1 PhD student of Industrial Management, Faculty of Management, Islamic Azad University, Central Tehran Branch, Tehran, Iran

2 Associate Professor, Department of Logistics and Supply Chain Engineering, School of Industrial Engineering, Iran University of Science and Technology, Tehran, Iran

3 Assistant Professor, Department of Industrial Management, Faculty of Management, Islamic Azad University, Central Tehran Branch, Tehran, Iran

10.22054/jims.2025.85678.2969

Abstract

The high accuracy difference of nonlinear Bayesian averaging models compared to classical models indicates the failure of classical models. Classical models do not have the ability to determine the optimal model and always follow a predetermined pattern. Accordingly, to improve this gap, a hybrid of nonlinear Bayesian averaging models and panel time-varying parameters has been used to model the risk of the automotive industry.
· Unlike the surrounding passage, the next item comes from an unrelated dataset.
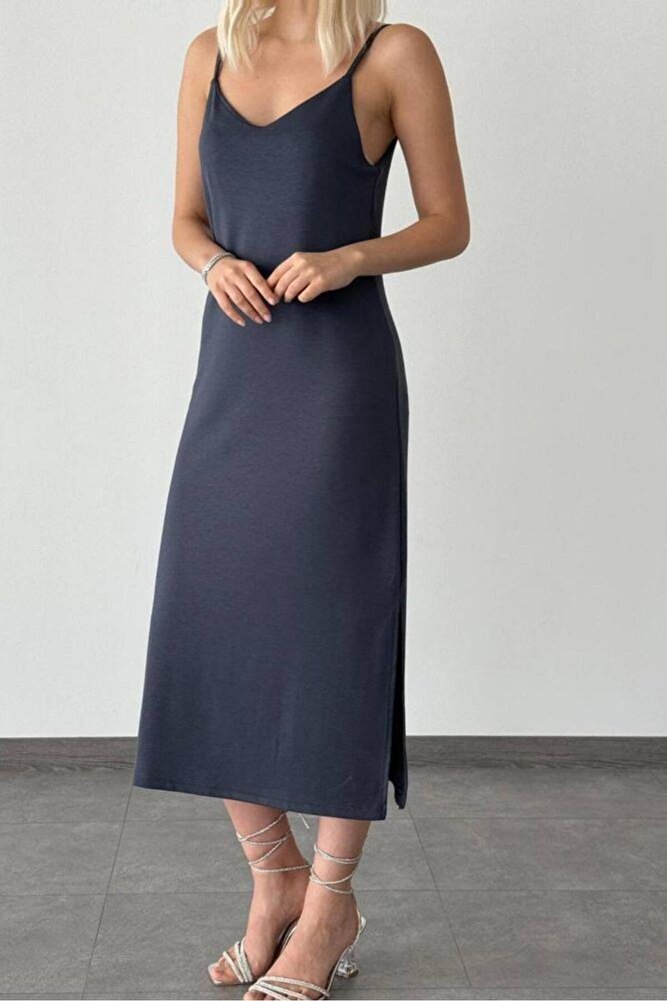 Kadın İp Askılı Çift Yırtmaç Detaylı Modal Kumaş Elbise

The time period of the present study was from 2011to2023, and in this study, information from 57 companies active in the automotive industry on the Tehran Stock Exchange was used. 119 risks affecting the automotive industry supply chain were identified. Based on nonlinear Bayesian averaging approaches, 15 unsystematic risk indicators and 13 systematic risks were identified as the most important risks to the supply chain. After identifying the factors, an attempt was made to examine these factors over time in the automotive industry supply chain based on the TVP-PFAVR approach. Given that the significant proportion of systematic risk in the supply chain is higher than unsystematic risk, the stability of the economic and business environment, good governance, and political environment should be on the agenda over management stability. In fact, stabilization policies in the form of demand-side policies, including monetary-fiscal policies, should be included in the Central Bank's mandate to reduce the economic-financial risks of the automotive industry supply chain. Given the significance of financing constraint indicators in creating systematic risk, ranking automotive industry companies is strongly recommended to optimally allocate financial resources to these companies.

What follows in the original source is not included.